Conversation is a more cryptic series that features couples of mirrored images of the same person to explore the all but too real mystery or wonder of “the self and other.”2 Harris notes, “I’m interested in the evolution of identity in relation to the intricacies of human relationships. My pictures of interacting figures collapse binary notions about gender and sexuality and challenge expectations about culturally familiar imagery and figurative painting.” Extracting figures from different magazine photographs of the same model, Harris considers her thinking “about reflection, opposition, attraction, doubt, and the illusory nature of a unified self.” These portraits could be read from different angles: twins, the doppelganger, the split personality or the ruptured self, or vanity and self-love. The dissonances are as pronounced as the psychic possibilities are complex but real.

Two paintings, each featuring a man holding a baby, are interior scenes, this time positing yet another possibility: that of men being parents. There is dissonance, too, in that like the other paintings, Harris uses the same method she confesses to owe to Surrealism, in conjoining figures from different sources. Her raw materials include “photographs found in magazines, on the Internet, or in my digital camera” so that the paintings are “composites, sometimes replete with spatial and conceptual paradox.”3 The interiors are urbane and the men depicted look cosmopolitan. They’re not shown with either male or female partner, but it is understandable if a viewer hazards a reading that the implicit subject matter here is the unwarranted stigma placed on, and disproportionate furor about, gay couples raising children. There is something cool in the grays of Yellow Rose and the minimalist feel of Waiting. But they are each, as a matter of fact, simply a man holding a child. One child stares out directly from the canvas, holding in its gaze whatever uttered or repressed judgment the viewer might make.

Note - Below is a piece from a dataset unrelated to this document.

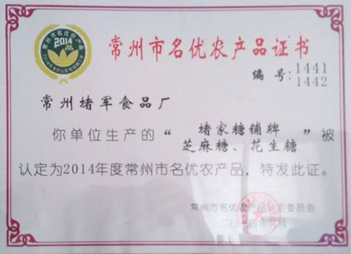 “堵家糖鋪”牌芝麻糖。2013年度生產(chǎn)量已達(dá)100噸左右實(shí)現(xiàn)銷量額為250萬(wàn)元,同時(shí)本廠的產(chǎn)品已進(jìn)入“瑞和泰"“好比家”“名仁”常州機(jī)場(chǎng)等高端銷售區(qū)域,并與“瑞和泰”形成戰(zhàn)略合作伙伴關(guān)系:為瑞和泰貼牌加工生產(chǎn)。 常州堵軍食品廠生產(chǎn)的芝麻糖是以:大米和麥芽用相傳百年歷史的循環(huán)水濾蒸煮法提煉出其中的麥芽糖漿,再用芝麻,花生,桂花,橘皮,面粉為輔料,歷23道工序手工制作而成。它是一種具有營(yíng)養(yǎng)豐富性和抗衰老性食品。富含蛋白質(zhì),脂肪,維生素A,維生素B,鈣鐵鎂,卵磷脂,硫胺素等營(yíng)養(yǎng)元素。 全麥芽芝麻糖是一種獨(dú)具地方特色的大眾性休閑食品。有其獨(dú)特的地方性和文化性。無論是逢年過節(jié)還是日常生活都是饋贈(zèng)親友,款待賓客的首選佳品之一。

Finally, Untitled (Red Shirt), seems to be that small yet powerful portrait of love. Surreal still in that the head of one of the figures is nowhere in sight yet the tight embrace says it all. The solarized visual effect heightens the orange and the red, making these warm tones emerge from the sooty background. Harris paints from found images that exist in the fictional world of fashion and in the real world to create tableaux, landscapes, and interiors that trigger multiple narratives. She paints love in its quirky, sometimes obvious and sometimes obscure permutations, for the love of painting, tipping her hat to the great masters of figure painting and candidly contributing to, or expanding, the conversations among the many examples of portraiture. LOVE. It is timeless. It is surreal. It is real. It is also, in Harris’s paintings, an inconclusive comment, a study, a possibility, and a question – in short, quite contemporary.

- Carina Evangelista
Gretchen Hupfel Curator of Contemporary Art

1 Jen P. Harris, Exhibition Statement for American Kiss at The College of New Rochelle, August 2009. All subsequent quotes regarding the American Kiss series are from this statement.
2 Harris, Exhibition Statement for Conversations, August 2009. All subsequent quotes regarding the Conversations series are from this statement.
3 Harris, Artist Statement, August 2008.